Cronberg began her stay as a visiting researcher at Aleksanteri Institute in beginning of January 2023.
In Finland, Cronberg is mainly known as a long-term politician. However, the former Ministry of Labor and Region Mayor of North Karelia used to work as a researcher in Denmark years before she entered politics.
At the time, she wrote two dissertations, one on architecture at Lund University in 1973 and the other at the Institute for Organisational and Industrial Sociology at the Copenhagen School of Economics in 1988.
"My research has always been related to the relationship between society and technology. I am a sociologist of technology who studies how technology is transformed from an idea into practice and how technology is used in the society."
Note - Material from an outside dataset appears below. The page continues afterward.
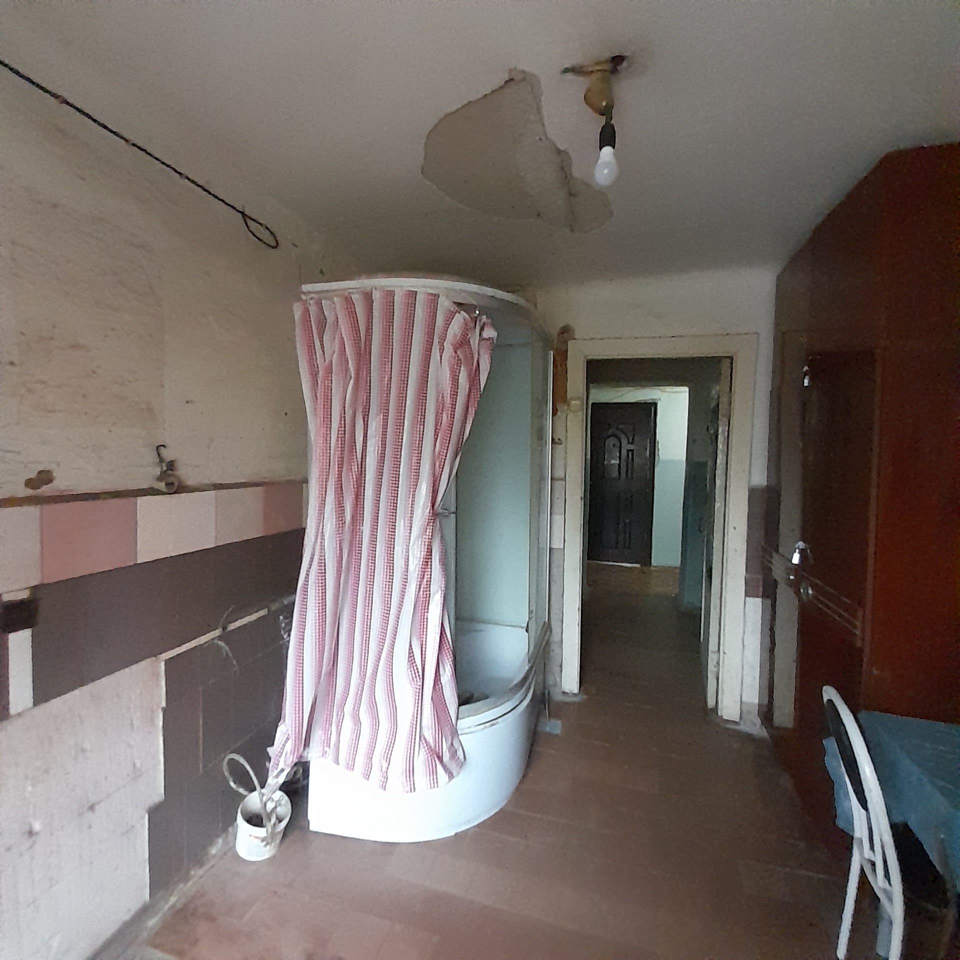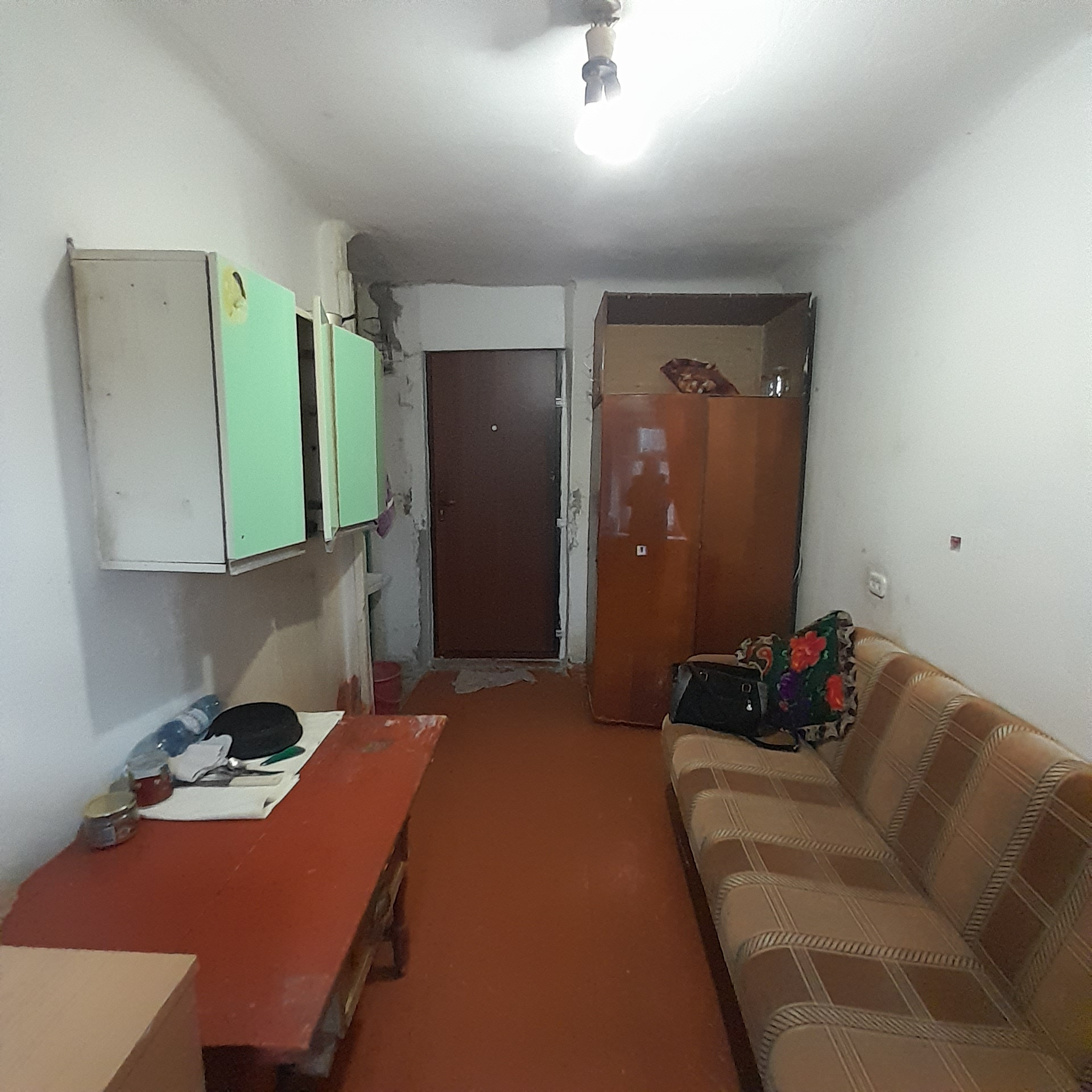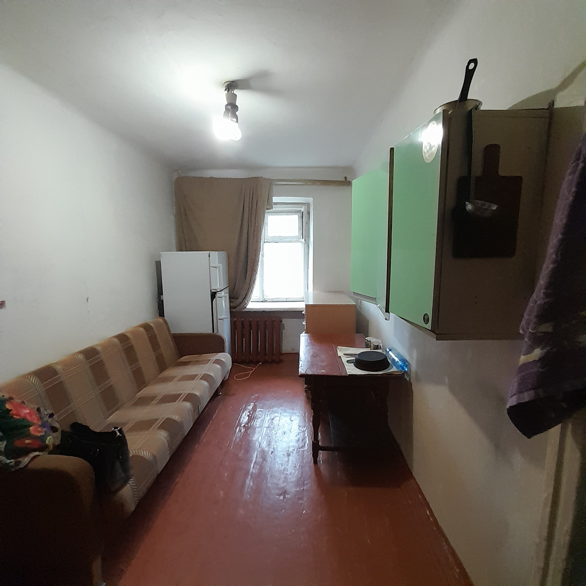 Комната в общежитии, в самом центре города. Требуется ремонт. Адекватные соседи по секции. Вода в комнате. В секции душ и туалет.
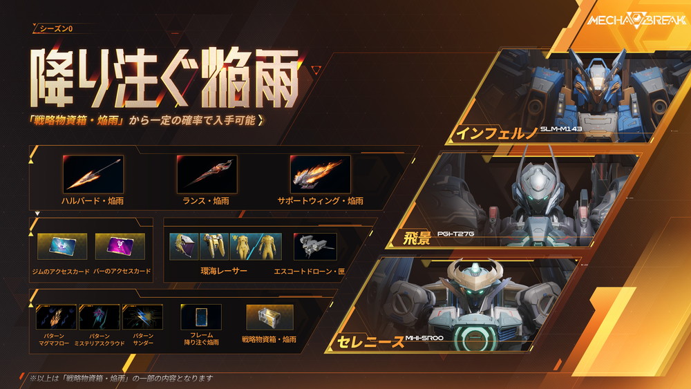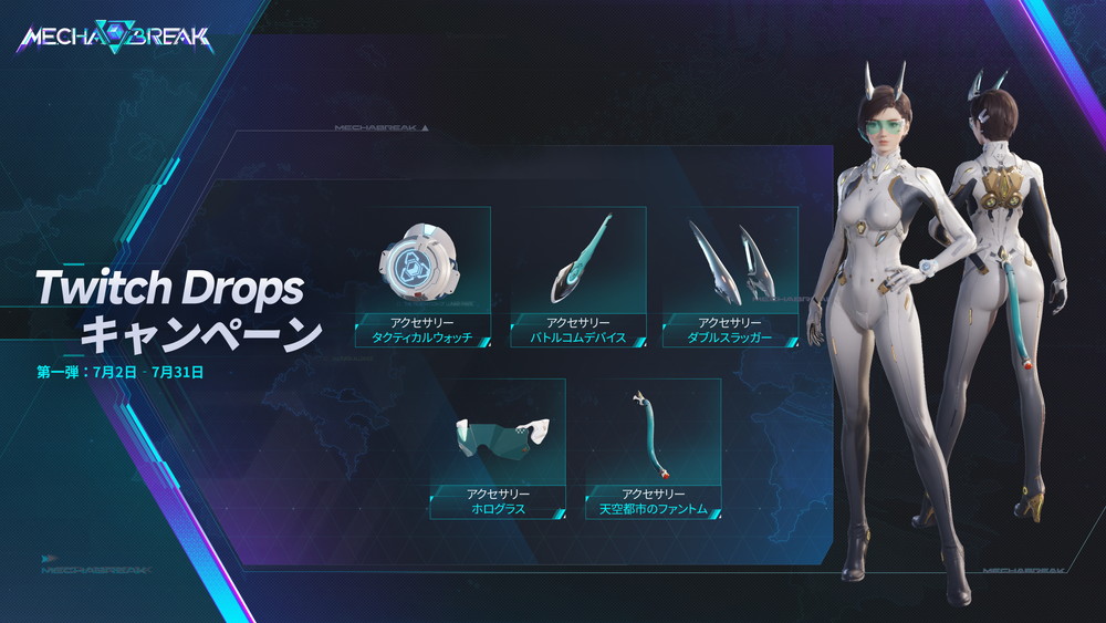 グローバルリリースを記念して、『Mecha BREAK』では「Season 0 Twitch Drops」イベントの開催が決定した。期間中、Twitch で対象チャンネルの『Mecha BREAK』配信を視聴することで、さまざまなゲーム内報酬を獲得できる。

At first, Cronberg was focused on technology of everyday life but later her interest shifted to arms industry. In the early 1990's, Cronberg received a grant to research how the leaders of military industries in the US and Russia were transferring their armies' technological know-how to civilian production.
"Now I am researching an opposite phenomenon: how Russia's society is being transformed to serve the army."
Distinctive nuclear politics
There have been different stages in Russia's nuclear politics. After the cold war, the country took part in disarmament and reduces its weaponry. According to Cronberg, in the 1960's, Russia also resisted to international agreement that would have given superpowers rights to nuclear weapons.
Today, the country's superpower status is fueled by nuclear arms.
"Russia would not be a superpower without nuclear weapons", states Cronberg.
After the international nuclear agreements were signed, there hasn't been a situation where a country waging a war has threaten to use its nuclear weapons. That is, until now. Tarja Cronberg has thus set out to find out what has led the international community to this point in history.
Cronberg believes that as a department in the juncture of both humanities and social sciences, the Aleksanteri Institute acts as asset in the research work:
"To give an example, The Russian Orthodox Church supports the state's armament of nuclear weapons. A multidisciplinary perspective brings additional insight to the issue at hand."
The threat of total destruction
Cronberg has specialized in international nuclear agreements and has been working with nuclear disarmament for the last decade. Some notable assignments in the field include chairing the European Parliament's Delegation for Relations with Iran and working as a Distinguished Associate Fellow at Stockholm International Peace Research Institute SIPRI.
In 2021 Cronberg published a monography called Renegotiating the Nuclear Order. In the book, she deliberates on how the international community is stuck in a position where there are both agreements on disarmament and agreements on rights to nuclear weapons, and there seems to be no means to get rid of the warheads.
"The nuclear weapons are an extreme example of human society using technology: the humanity can destroy itself with its own invention. It is interesting to examine to what extent people are ready to accept risks that the technological development brings forth. Or how the humanity is trying to protect itself from total destruction."
Cronberg does not directly comment on whether Russia's nuclear threat poses a real risk. She is looking at the situation first and foremost at the level of structures:
"It is extremely problematic that a nuclear threat can be left to be carried out by one man. In the past also, dictators have been feared to use weapons of mass destruction, especially when their political power has been threatened."
"Now the concern has shifted to the leaders of international superpowers that have massive stockpiles of nuclear warheads on alert and ready to be used. When a man is cornered, it is impossible to predict how he will act out."